[Work instruction]:
Among the records below, find the line that has "The Details variable"; from there, give the lines again exactly, and stop after the line that has "This Football card, from".

[Entries supplied]:
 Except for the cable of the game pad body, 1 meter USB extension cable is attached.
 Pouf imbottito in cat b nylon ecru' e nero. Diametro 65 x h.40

==

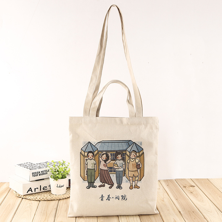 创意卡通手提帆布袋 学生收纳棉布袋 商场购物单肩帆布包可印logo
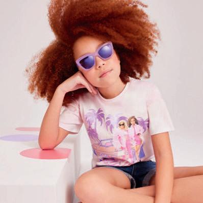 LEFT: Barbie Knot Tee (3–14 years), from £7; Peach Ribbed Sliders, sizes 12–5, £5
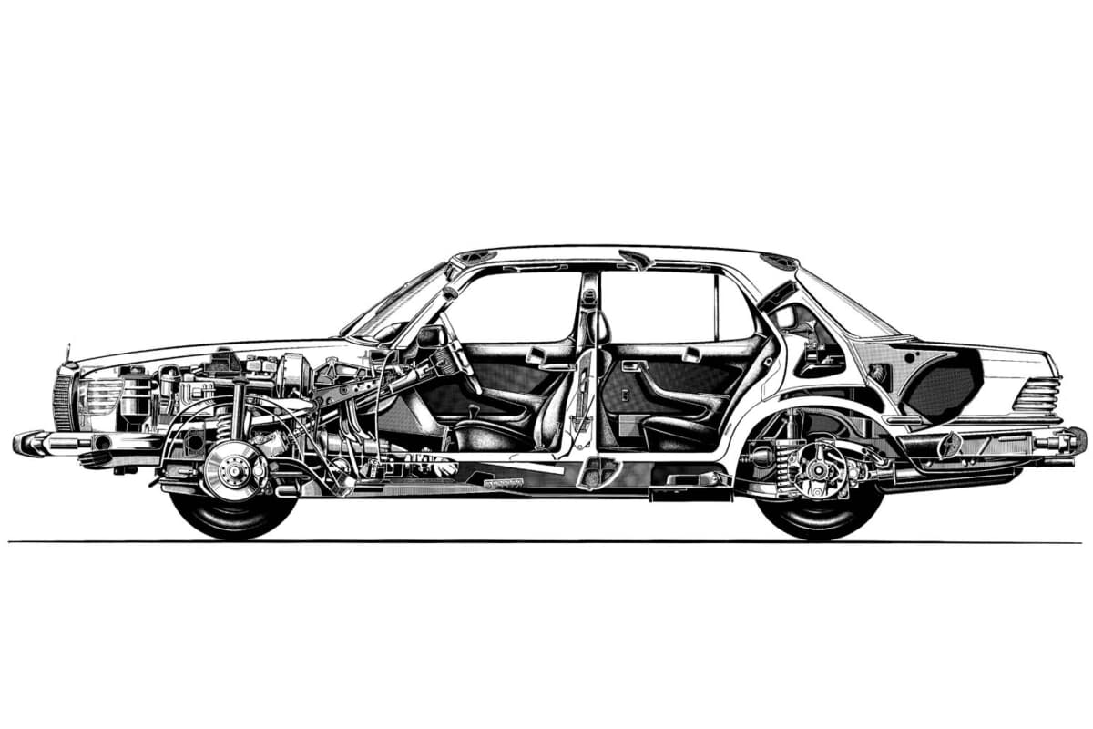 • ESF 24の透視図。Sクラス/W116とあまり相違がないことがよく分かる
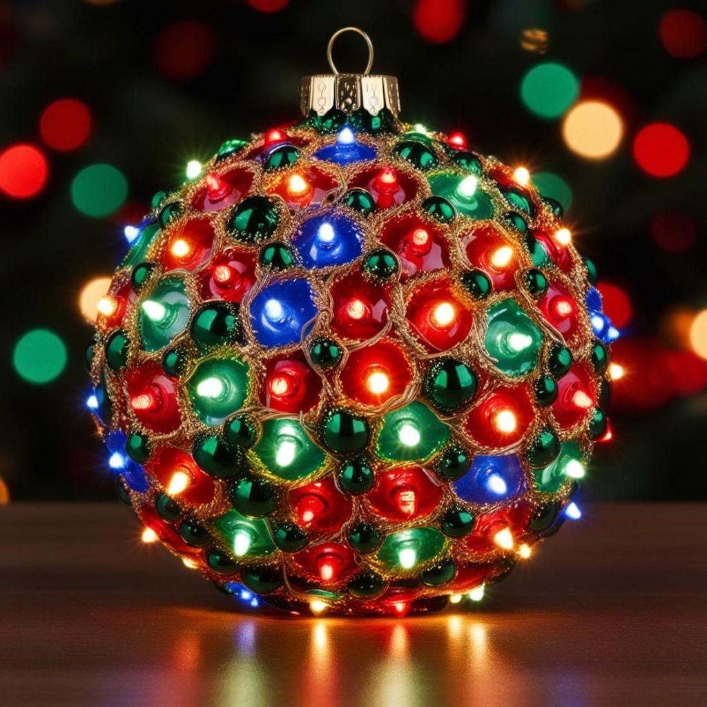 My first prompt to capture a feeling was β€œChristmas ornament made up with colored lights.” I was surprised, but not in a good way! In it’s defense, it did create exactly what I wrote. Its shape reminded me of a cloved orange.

==

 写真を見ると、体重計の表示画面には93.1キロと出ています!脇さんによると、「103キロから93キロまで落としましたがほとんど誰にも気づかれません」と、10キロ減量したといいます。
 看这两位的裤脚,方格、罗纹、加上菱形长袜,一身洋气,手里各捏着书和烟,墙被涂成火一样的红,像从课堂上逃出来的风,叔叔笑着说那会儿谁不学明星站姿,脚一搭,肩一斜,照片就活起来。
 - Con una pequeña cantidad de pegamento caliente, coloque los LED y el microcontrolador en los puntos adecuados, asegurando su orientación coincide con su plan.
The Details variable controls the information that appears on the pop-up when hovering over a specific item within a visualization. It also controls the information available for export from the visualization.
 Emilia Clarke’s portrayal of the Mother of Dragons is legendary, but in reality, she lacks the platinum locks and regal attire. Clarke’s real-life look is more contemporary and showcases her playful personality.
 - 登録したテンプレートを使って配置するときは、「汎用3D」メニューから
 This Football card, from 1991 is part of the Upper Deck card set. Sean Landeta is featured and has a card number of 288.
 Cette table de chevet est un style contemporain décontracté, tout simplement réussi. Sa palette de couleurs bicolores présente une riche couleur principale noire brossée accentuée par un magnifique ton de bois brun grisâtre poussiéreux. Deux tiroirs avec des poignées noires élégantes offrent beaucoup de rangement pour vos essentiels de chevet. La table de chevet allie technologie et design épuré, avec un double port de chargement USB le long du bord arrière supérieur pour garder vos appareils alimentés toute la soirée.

[Result]:
The Details variable controls the information that appears on the pop-up when hovering over a specific item within a visualization. It also controls the information available for export from the visualization.
 Emilia Clarke’s portrayal of the Mother of Dragons is legendary, but in reality, she lacks the platinum locks and regal attire. Clarke’s real-life look is more contemporary and showcases her playful personality.
 - 登録したテンプレートを使って配置するときは、「汎用3D」メニューから
 This Football card, from 1991 is part of the Upper Deck card set. Sean Landeta is featured and has a card number of 288.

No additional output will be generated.